**Task details**
Reproduce exactly the lines of this material that begin at the line with "Этот свитер KARL" and end at the line with "AutoGluon-Tabular is an", both included. Omit the pictures and everything else.

'''

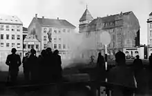 رجال الشرطة في الاقنعه الواقية من الغاز في اوستوفورور بعد تفريق الحشد بالغاز المسيل للدموع.
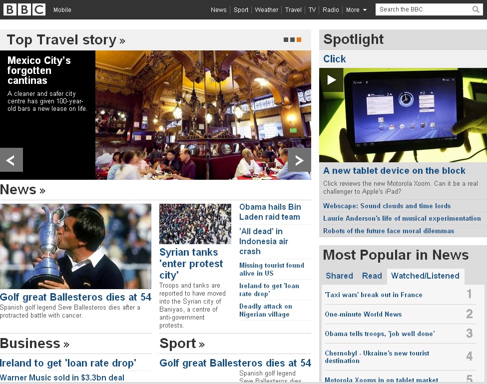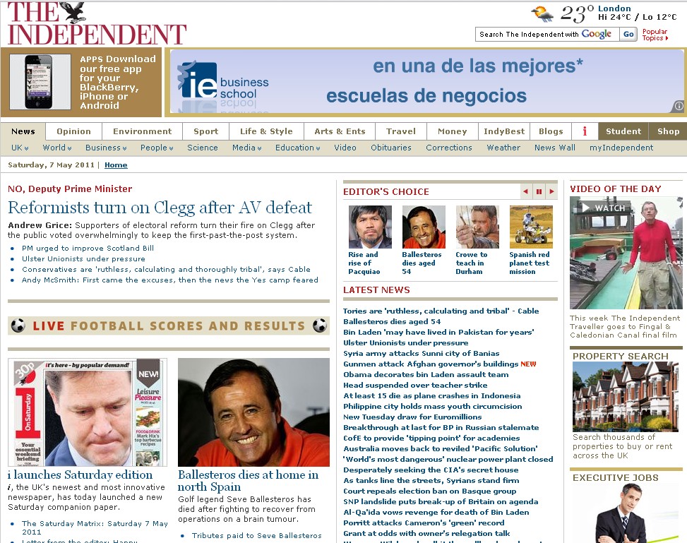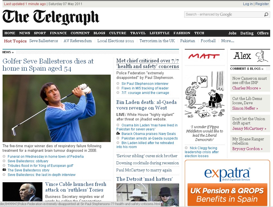 En la BBC era prácticamente la noticia más dstacada en la portada.
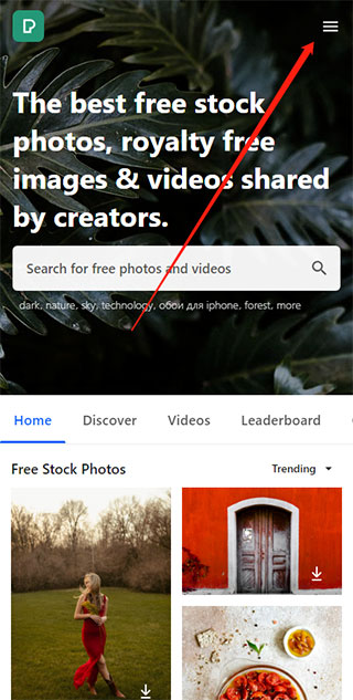 1、进入pexels免费素材网软件,点击右上角菜单栏
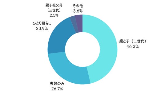現在の家族構成については、「親と子の二世代で暮らしている」と回答した人が最も多くを占めました。また、「夫婦のみ」「ひとり暮らし」といった、親と同居していない世帯も全体の約半数を占める結果に。
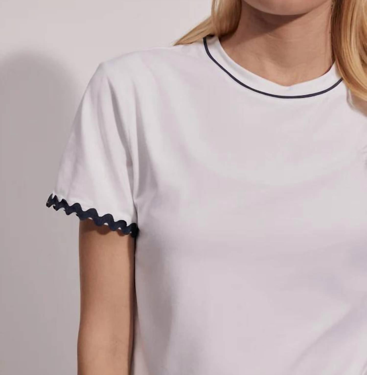 This classic, short sleeve tee will be your go-to staple this season and beyond. This classic crew neck t-shirt features scalloped edge sleeves and a piped crew neck. Made in our Recycled Micro Jersey. The Elodie is cut for a standard fit. Take your true size. Model is 175cm tall, with an 75cm bust, 61cm waist, 88cm hips, and wears a size small. Size S - Front Length: 23.2". Sleeve Length: 6.7". 88% Recycled Polyester, 12% Elastane. Machine wash cool, do not bleach, do not tumble dry, iron cool, do not dry clean, wash with similar colours, remove promptly from washer, line dry. Style #VAR01814.
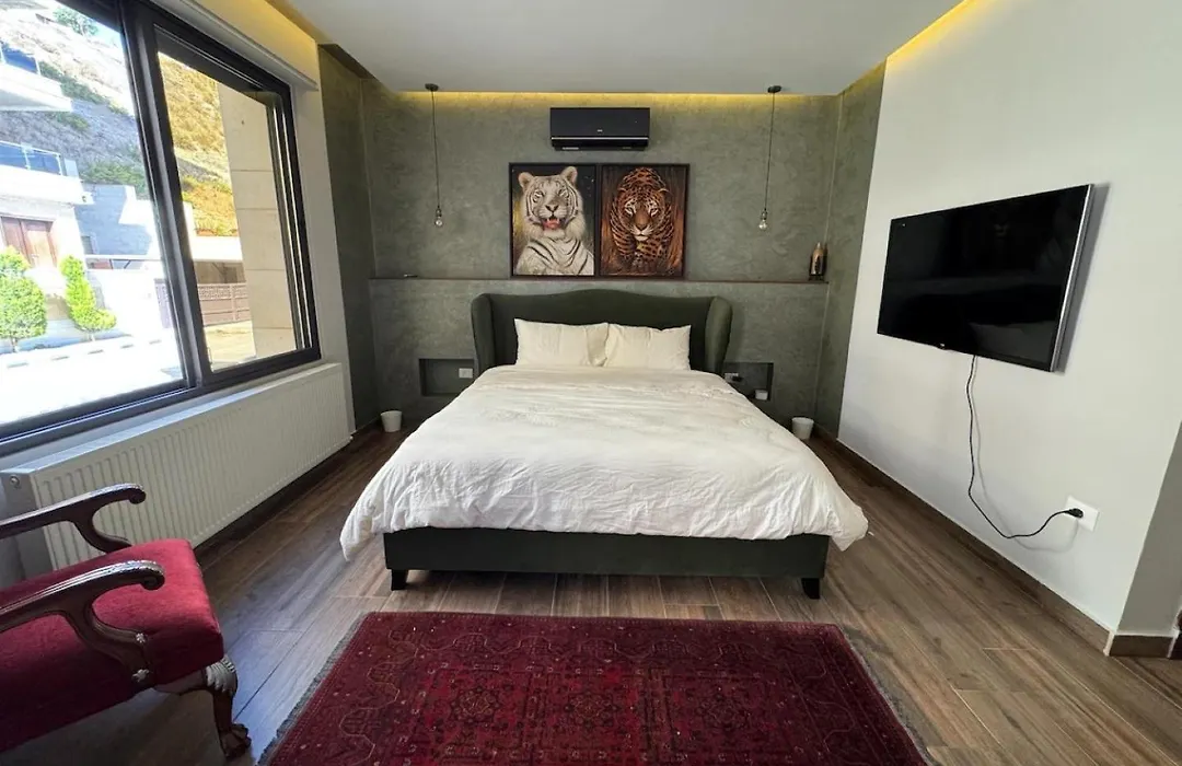 The 150 m² Bargos Cave Apartment is located 15 minutes' drive from Grand Husseini Mosque and a 25-minute walk from Housing Bank Garden. This 3-bedroom apartment also has a shared lounge overlooking the street.
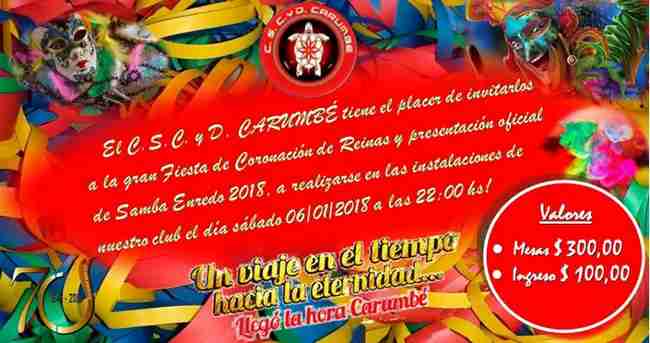 Este sábado, 6 de enero, el Circulo Social, Cultural y Deportivo Carumbé, realizará la gran fiesta en la que coronará a sus soberanas y además presentará su samba enredo de manera oficial, junto al grupo de armonía y la batería que dirige por último año Julian Maiarello.
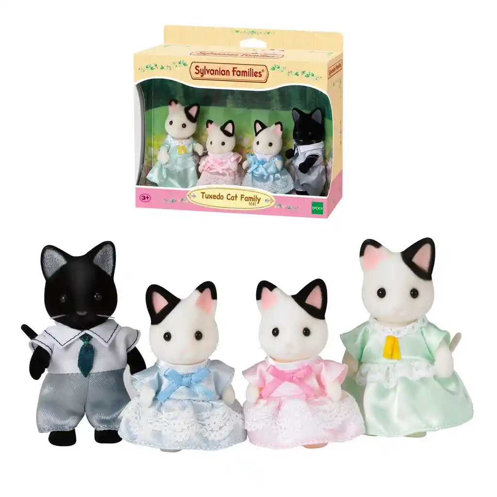 ¡Han llegado unos nuevos vecinos a la aldea Sylvanian! La familia Gato Tuxedo está compuesta por 2 adultos y 2 niños donde cada integrante de esta adorable familia tiene una cualidad única que todos los habitantes de esta calidad ciudad aman. Estos muñecos están diseñados con detalles auténticos, contando con un par de puntos de articulación ofreciendo una mayor posibilidad de poses y juego imaginativo. Este es un juguete que desarrolla las habilidades creativas y la destreza, fomentando a que creen un juego imaginativo promoviendo la historia de fantasía, el juego de rol y desarrollar nuevas habilidades y hobbies.
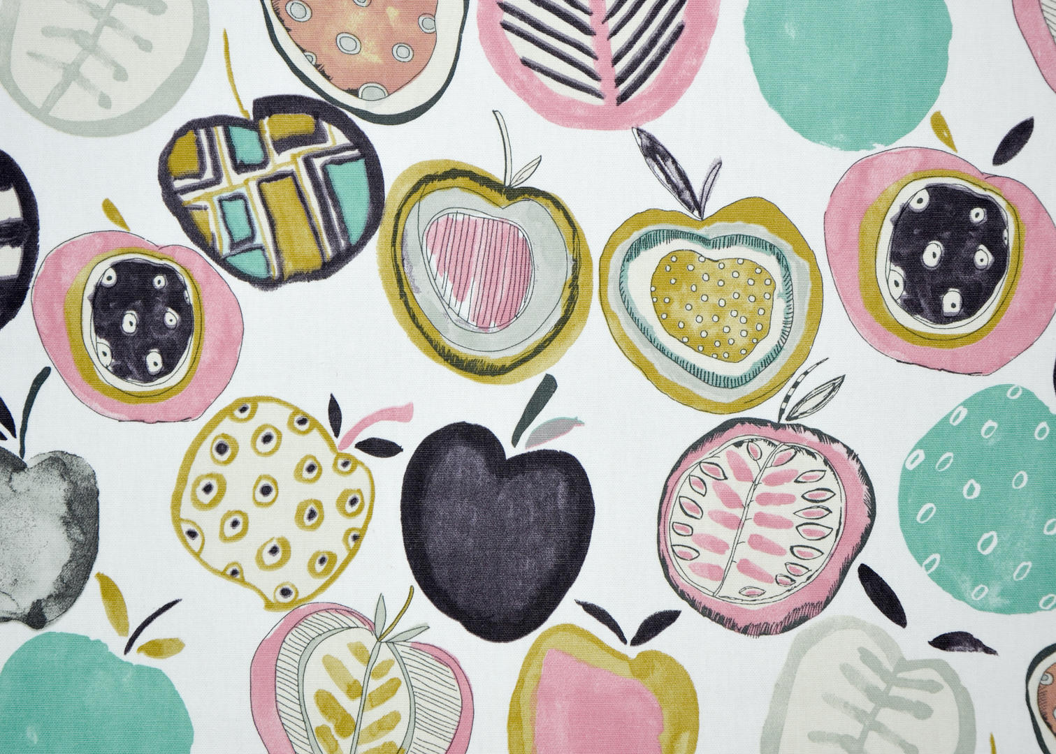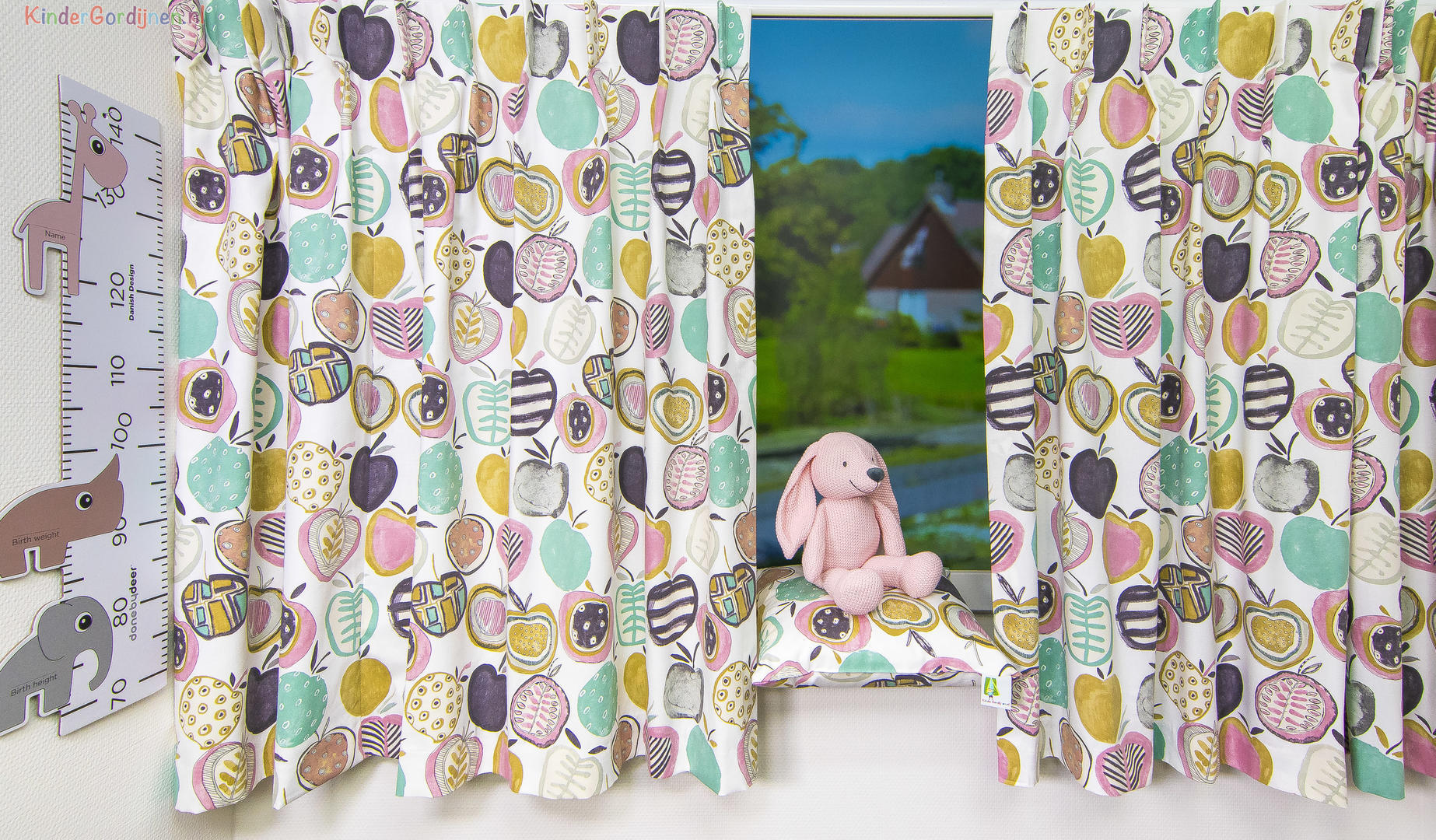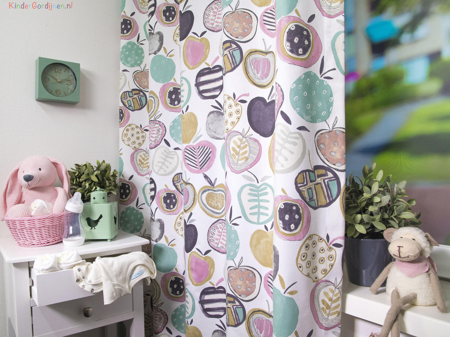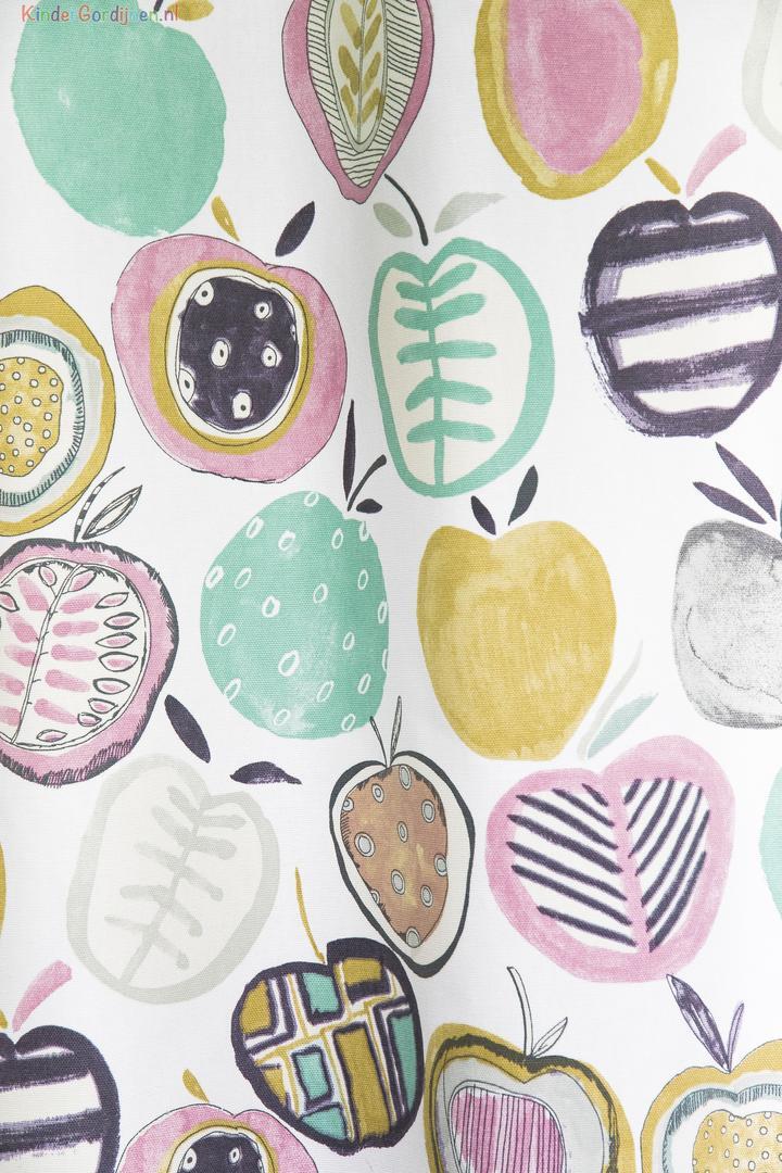 Een kindergordijn met appeltjesprint! De frisse kleuren ademen een warme sfeer in de kinderkamer. De appelprint is gedrukt op de voorzijde, ze zijn 10 cm in doorsnede. Het gordijn kan prima verduisterend worden geconfectioneerd, deze optie kunt u aan-vinken tijdens het bestelproces.
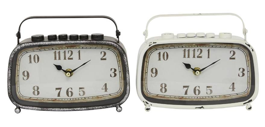 Crafted to offer any country cottage-themed home a final touch, with an elegant rustic appeal. Each table clock is crafted from iron for durability. This metal table clock assortment includes distressed brown and white finishes. Each analog clock features a top handle as well as a wide design with faded numbers.Read More
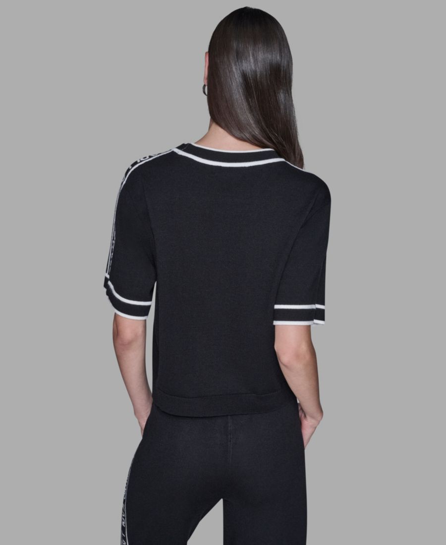 Этот свитер KARL LAGERFELD PARIS с короткими рукавами, круглым вырезом и заметным логотипом. Удобный фасон и длина до бедра делают его идеальным вариантом для многослойной одежды в теплую погоду.
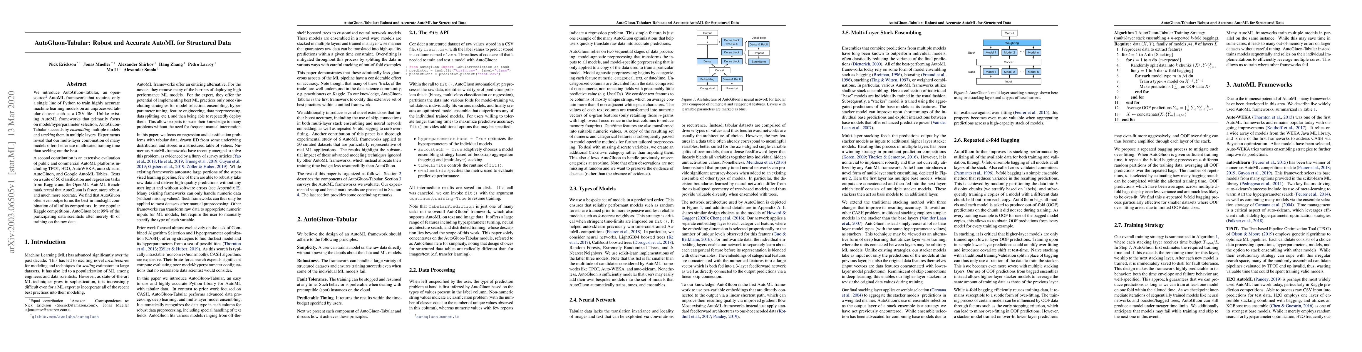 AutoGluon-Tabular is an open-source AutoML framework that trains highly accurate machine learning models on tabular data with minimal effort. It outperforms existing AutoML frameworks by ensembling and stacking multiple models, demonstrating superior accuracy, robustness, and speed across various datasets.
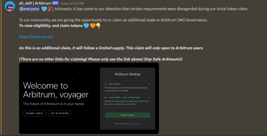 Специализирующаяся на блокчейн-безопасности компания CertiK сообщила, что 25 марта в «Дискорде» Arbitrum была размещена фишинговая ссылка. Согласно скриншоту с канала, мошенник утверждал, что пользователи могут «повторно претендовать на дополнительную долю в Arbitrum DAO». Чтобы подтвердить свое право на участие и получить токены, пользователям предлагалось перейти по ссылке, в которой Arbitrum было написано с ошибкой, как «Arbtirum».
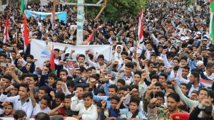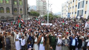 واستنكر المحتشدون المواقف المتخاذلة لمعظم الأنظمة العربية التي اتضح تواطؤها مع العدو الصهيوني وتنصلها عن المسؤولية والواجب الأخلاقي والديني والإنساني وعدم الوقوف إلى جانب الشعب الفلسطيني… مشددين في بيان مسيرتهم على أهمية استمرار دعم ومناصرة الشعب الفلسطيني استجابة لله والواجب الديني والإيماني والإنساني، في مواجهة الإجرام والإبادة والعدوان الصهيوني الأمريكي في الأراضي الفلسطينية المحتلة.
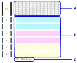 Kontroller om det mangler linjer i mønsteret A eller om det er vannrette, hvite striper i mønsteret B.
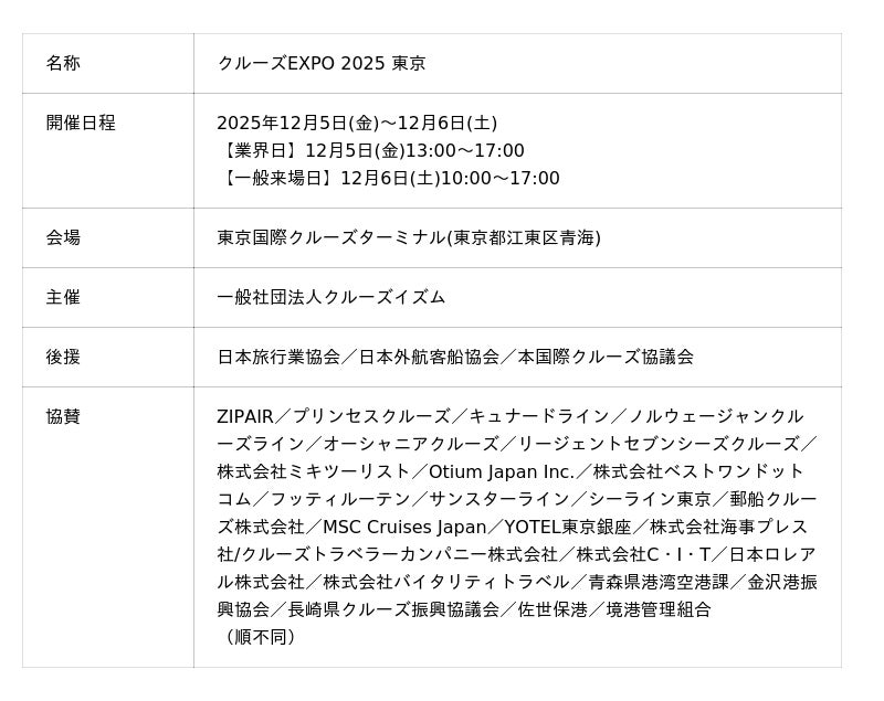 イベント名称:クルーズEXPO 2025 東京公式サイト:https://cruise-expo.cruise-ism.com/

'''

**Exercise result**
 Этот свитер KARL LAGERFELD PARIS с короткими рукавами, круглым вырезом и заметным логотипом. Удобный фасон и длина до бедра делают его идеальным вариантом для многослойной одежды в теплую погоду.
 AutoGluon-Tabular is an open-source AutoML framework that trains highly accurate machine learning models on tabular data with minimal effort. It outperforms existing AutoML frameworks by ensembling and stacking multiple models, demonstrating superior accuracy, robustness, and speed across various datasets.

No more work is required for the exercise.